Assignment: In the records below, find the line with "1、涵盖水果蔬菜、粮油干货、" and the line with "Jedinečný pruhovaný top volného střihu.". Print both exactly, along with every line between them, and no other line.

Records provided:
BEGIN

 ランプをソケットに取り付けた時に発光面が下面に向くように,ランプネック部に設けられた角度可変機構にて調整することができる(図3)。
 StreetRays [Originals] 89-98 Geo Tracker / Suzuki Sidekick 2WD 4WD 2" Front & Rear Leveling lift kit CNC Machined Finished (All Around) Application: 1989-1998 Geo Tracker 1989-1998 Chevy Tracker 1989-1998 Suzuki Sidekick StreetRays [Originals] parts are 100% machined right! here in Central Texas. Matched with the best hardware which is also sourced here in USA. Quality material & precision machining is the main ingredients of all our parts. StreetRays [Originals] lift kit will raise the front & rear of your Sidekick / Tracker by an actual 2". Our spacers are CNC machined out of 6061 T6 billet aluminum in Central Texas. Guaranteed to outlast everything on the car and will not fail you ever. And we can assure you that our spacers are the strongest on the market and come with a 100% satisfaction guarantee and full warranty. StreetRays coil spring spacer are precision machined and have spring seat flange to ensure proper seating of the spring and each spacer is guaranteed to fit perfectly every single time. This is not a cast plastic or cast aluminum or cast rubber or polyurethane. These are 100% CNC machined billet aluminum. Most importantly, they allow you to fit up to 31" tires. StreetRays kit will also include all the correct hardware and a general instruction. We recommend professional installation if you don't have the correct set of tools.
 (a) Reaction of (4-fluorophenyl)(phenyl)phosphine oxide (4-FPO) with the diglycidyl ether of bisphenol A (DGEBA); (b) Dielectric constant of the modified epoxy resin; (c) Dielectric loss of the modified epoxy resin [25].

END
BEGIN

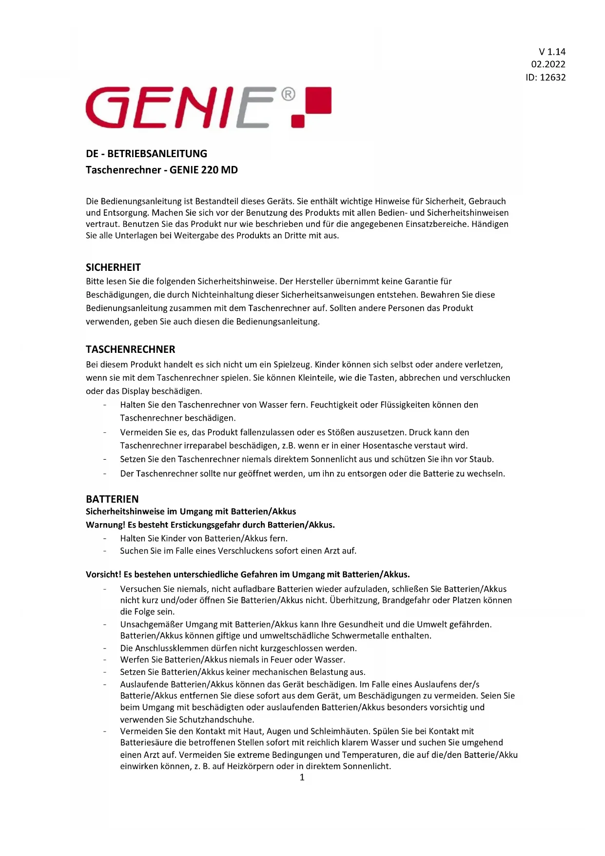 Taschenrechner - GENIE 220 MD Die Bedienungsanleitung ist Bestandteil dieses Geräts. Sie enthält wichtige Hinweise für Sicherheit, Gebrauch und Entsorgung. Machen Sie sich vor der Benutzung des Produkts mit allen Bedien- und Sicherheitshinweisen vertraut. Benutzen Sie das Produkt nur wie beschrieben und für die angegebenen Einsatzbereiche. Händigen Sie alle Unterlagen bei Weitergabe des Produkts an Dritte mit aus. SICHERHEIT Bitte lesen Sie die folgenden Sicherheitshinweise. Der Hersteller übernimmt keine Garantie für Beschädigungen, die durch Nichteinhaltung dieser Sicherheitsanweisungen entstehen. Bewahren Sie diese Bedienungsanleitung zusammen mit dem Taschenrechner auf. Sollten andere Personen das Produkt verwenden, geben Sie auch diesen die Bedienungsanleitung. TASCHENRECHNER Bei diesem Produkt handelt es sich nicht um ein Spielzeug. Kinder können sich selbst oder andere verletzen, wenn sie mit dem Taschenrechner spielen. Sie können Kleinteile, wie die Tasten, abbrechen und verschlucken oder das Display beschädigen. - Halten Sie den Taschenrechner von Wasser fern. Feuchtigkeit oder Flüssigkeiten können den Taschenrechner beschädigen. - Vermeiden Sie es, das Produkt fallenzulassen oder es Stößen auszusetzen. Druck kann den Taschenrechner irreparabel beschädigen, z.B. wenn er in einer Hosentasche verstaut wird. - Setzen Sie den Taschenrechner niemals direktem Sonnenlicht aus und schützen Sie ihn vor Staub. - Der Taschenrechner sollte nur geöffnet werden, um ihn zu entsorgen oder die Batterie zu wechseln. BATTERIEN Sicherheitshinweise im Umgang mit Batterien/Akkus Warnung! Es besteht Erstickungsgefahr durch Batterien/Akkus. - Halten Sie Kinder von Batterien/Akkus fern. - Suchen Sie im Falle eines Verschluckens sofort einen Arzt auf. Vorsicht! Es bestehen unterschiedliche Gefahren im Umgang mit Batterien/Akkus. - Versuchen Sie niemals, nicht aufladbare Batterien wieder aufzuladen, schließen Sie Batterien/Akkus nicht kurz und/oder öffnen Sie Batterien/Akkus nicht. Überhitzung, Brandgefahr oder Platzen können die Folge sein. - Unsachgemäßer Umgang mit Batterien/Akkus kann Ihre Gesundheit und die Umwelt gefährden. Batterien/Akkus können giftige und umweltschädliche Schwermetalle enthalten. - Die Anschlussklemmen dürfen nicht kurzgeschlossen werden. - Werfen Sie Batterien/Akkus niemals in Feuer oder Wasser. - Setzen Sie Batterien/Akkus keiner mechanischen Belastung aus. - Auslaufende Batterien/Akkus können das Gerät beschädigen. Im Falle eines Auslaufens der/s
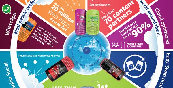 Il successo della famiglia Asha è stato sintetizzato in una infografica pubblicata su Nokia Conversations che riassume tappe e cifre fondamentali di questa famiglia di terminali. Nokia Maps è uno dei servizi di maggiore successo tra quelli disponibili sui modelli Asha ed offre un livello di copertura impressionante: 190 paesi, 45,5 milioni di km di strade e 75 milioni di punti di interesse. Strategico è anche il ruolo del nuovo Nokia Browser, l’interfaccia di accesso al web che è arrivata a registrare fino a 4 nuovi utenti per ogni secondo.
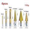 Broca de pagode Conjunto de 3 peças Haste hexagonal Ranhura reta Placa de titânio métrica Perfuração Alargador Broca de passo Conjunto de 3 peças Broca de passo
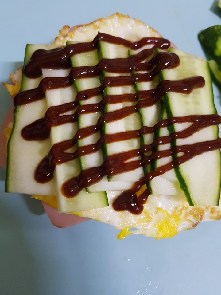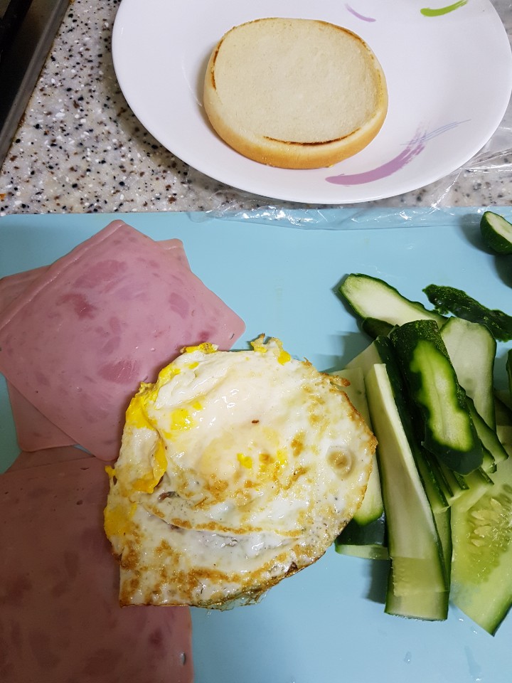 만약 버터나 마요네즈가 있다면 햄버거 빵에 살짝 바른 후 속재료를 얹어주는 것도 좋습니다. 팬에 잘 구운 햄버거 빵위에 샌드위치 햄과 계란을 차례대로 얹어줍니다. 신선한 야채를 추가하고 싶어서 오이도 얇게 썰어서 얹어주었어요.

END
BEGIN

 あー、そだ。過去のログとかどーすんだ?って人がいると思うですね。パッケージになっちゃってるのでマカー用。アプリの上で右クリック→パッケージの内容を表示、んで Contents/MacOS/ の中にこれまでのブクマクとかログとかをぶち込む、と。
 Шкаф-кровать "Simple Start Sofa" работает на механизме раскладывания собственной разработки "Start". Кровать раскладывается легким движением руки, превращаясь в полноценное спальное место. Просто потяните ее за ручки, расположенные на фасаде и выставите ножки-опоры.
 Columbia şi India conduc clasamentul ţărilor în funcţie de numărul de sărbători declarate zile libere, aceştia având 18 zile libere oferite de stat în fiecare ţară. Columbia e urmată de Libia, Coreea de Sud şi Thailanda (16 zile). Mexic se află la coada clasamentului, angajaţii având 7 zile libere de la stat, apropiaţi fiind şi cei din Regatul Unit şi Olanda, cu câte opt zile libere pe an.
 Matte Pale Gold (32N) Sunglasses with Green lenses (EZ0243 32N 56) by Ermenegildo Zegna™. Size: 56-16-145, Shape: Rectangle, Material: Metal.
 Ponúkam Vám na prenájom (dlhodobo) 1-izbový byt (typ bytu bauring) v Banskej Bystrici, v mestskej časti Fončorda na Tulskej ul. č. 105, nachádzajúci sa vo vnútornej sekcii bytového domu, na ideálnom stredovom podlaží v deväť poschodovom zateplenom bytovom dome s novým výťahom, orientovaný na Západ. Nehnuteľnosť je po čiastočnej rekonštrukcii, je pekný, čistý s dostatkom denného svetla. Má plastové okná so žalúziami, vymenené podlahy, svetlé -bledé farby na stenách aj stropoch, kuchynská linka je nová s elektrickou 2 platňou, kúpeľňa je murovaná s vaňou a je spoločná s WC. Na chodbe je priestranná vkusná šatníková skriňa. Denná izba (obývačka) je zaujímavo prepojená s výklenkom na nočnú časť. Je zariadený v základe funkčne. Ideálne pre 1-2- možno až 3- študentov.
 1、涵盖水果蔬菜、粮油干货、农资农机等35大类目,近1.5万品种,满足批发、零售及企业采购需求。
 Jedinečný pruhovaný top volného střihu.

END

Answer space:
 1、涵盖水果蔬菜、粮油干货、农资农机等35大类目,近1.5万品种,满足批发、零售及企业采购需求。
 Jedinečný pruhovaný top volného střihu.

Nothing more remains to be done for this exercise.